Зал бурно отреагировал на приговор. Радостные и возмущенные голоса слились в единый гвалт.

– Это неслыханно! – кричал Мирович.

– Серж! Серж! Поздравляю тебя! – восклицала Мэри-Энн.

Мадлен плакала, мосье Дюпар успокаивал ее. Господин Швабрин обнял меня и похлопал по спине. Кто-то из офицеров обещал вызвать меня на дуэль, как только я вернусь с каторги. В общем, все ликовали, как могли, и только я не знал – радоваться мне или плакать?! Три года каторги – в обычных условиях звучит страшно. Но мне только что угрожала смертная казнь. И я решился наконец-то засмеяться от счастья и уже набрал воздуху в легкие, как голос подлого французишки донесся до меня:

– Сударррь-с мой, барррин, а как же-с я пррроживу-с эти тррри года?!

– Надеюсь, что сдохнешь! – прорычал я.

– Вот-с, значит-с, вы как! – посетовал каналья.

– Ну, вижу, граф, теперь вы превосходно себя чувствуете! – улыбнулся господин Швабрин.

Я вспомнил его наставления. «Только не вдавайся в подробности, – поучал он меня во время свидания в темнице. – Просто говори, что политика князя казалась тебе губительной. Это убережет тебя от смертной казни. А потом кто-то придет на смену Афанасию Федоровичу, и тогда кричи во все горло, что именно новый правитель и воплощает те идеалы, из-за которых ты пострадал. А уж я позабочусь, чтоб твой голос услышали в Шлосс-Адлере. Вот увидишь, новый правитель тебя помилует!»

Интересно, размышлял я теперь, успеет ли новый правитель помиловать меня или же мне придется все три года спину гнуть?!

До меня донесся голос пана Марушевича. Оказалось, что он еще не все сказал и поэтому требовал тишины. Когда же все успокоились, председательствующий продолжил свою речь. Впрочем, ничего особо интересного он больше не сказал, лишь поведал, что к Мировичу решено никаких мер не применять, поскольку русский цесаревич, застав Василия Яковлевича в Шлосс-Адлере, отпустил его на все четыре стороны. А вот анкрояблзу Кулебякину не повезло. Решено было препроводить его под конвоем в Санкт-Петербург вместе с записями обо всех его подвигах, в которых он лично признался. Старик скис. А Василий Яковлевич возмущался на весь зал:

– Это неслыханно! Что за наглость?! Они еще смели подумать о том, применять ко мне меры или нет!

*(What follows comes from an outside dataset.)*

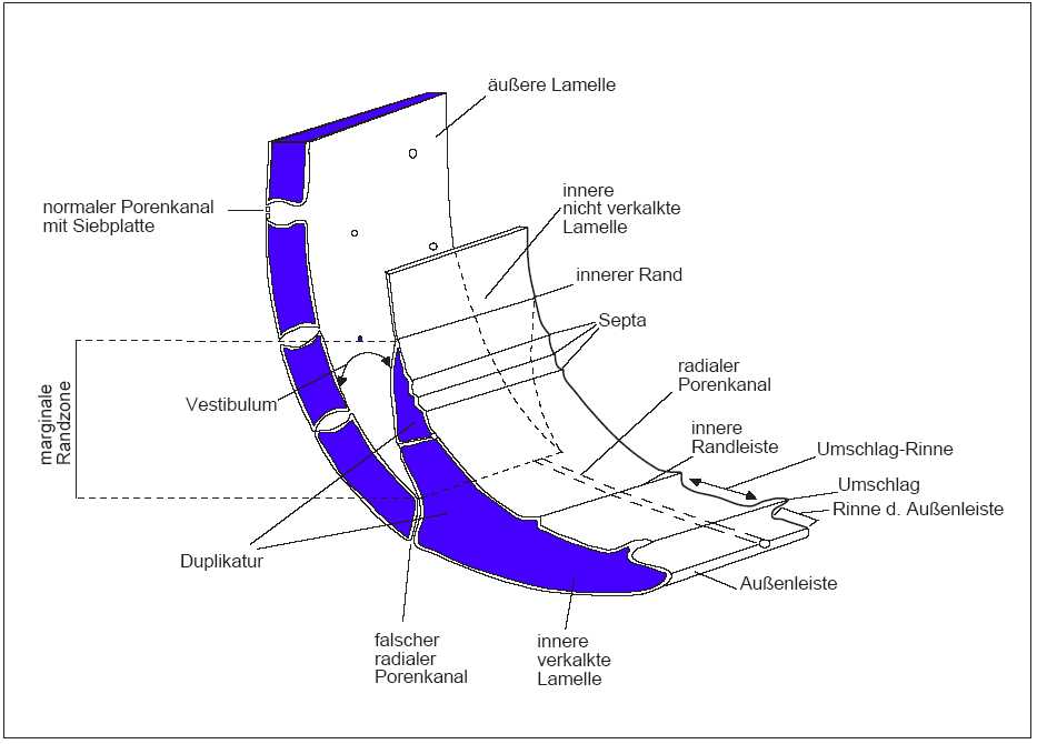 Das Ostracodengehäuse besteht aus zwei an den Schalenrändern zusammenhängenden Schalenblättern. Sie werden als Außen‑ und Innenlamelle bezeichnet (Abb.2). Nur die Außenlamelle ist in ihrer ganzen Breite kalkig ausgebildet, weshalb sich folgende Ausführungen auch nur auf diese beziehen.

Пан Марушевич объявил заседание суда закрытым, разъяснив напоследок специально для меня, что я имею право обжаловать приговор, обратившись письменно лично к верховному правителю маркграфства, обязанности которого исполняет он, бургомистр Траумштадта пан Марушевич.

Затем мне дали пятнадцать минут на общение с друзьями и близкими. Мадлен повисла на моей шее, Мэри-Энн поддерживала ее за талию, господин Швабрин похлопывал меня по плечу, приговаривая что-то вроде «мы еще повоюем», что-то сочувственное и благодарное пытался сообщить мне мосье Дюпар, ему вторили Федор, Хьюго и Гарри, – все они окружили меня плотным кольцом, вокруг которого носился каналья Лепо и то подпрыгивал, то приседал, чтобы через чужие плечи и между чужими локтями протиснуть гнусную физиономию и заглянуть мне в глаза по-собачьи преданно. Я был так возбужден, что не улавливал смысла всего того, что мне говорили, но кивал в ответ и благодарил их сердечно. Но вдруг реплика Мадлен, выпав из общего контекста произносимых слов, привлекла к себе особое внимание.

– Что это, сударь?! – воскликнула она. – Вы носите на шее портрет вашего слуги Жака?

Мадлен сжимала в руке медальон, который в ходе сумятицы выскользнул из-под рубахи и раскрылся.

– Что за чушь? – удивился я.

– Это портрет Жака, – повторила эльфийка.

Я взял вещицу из ее рук. С медальона на меня глядела Валери де Шоней.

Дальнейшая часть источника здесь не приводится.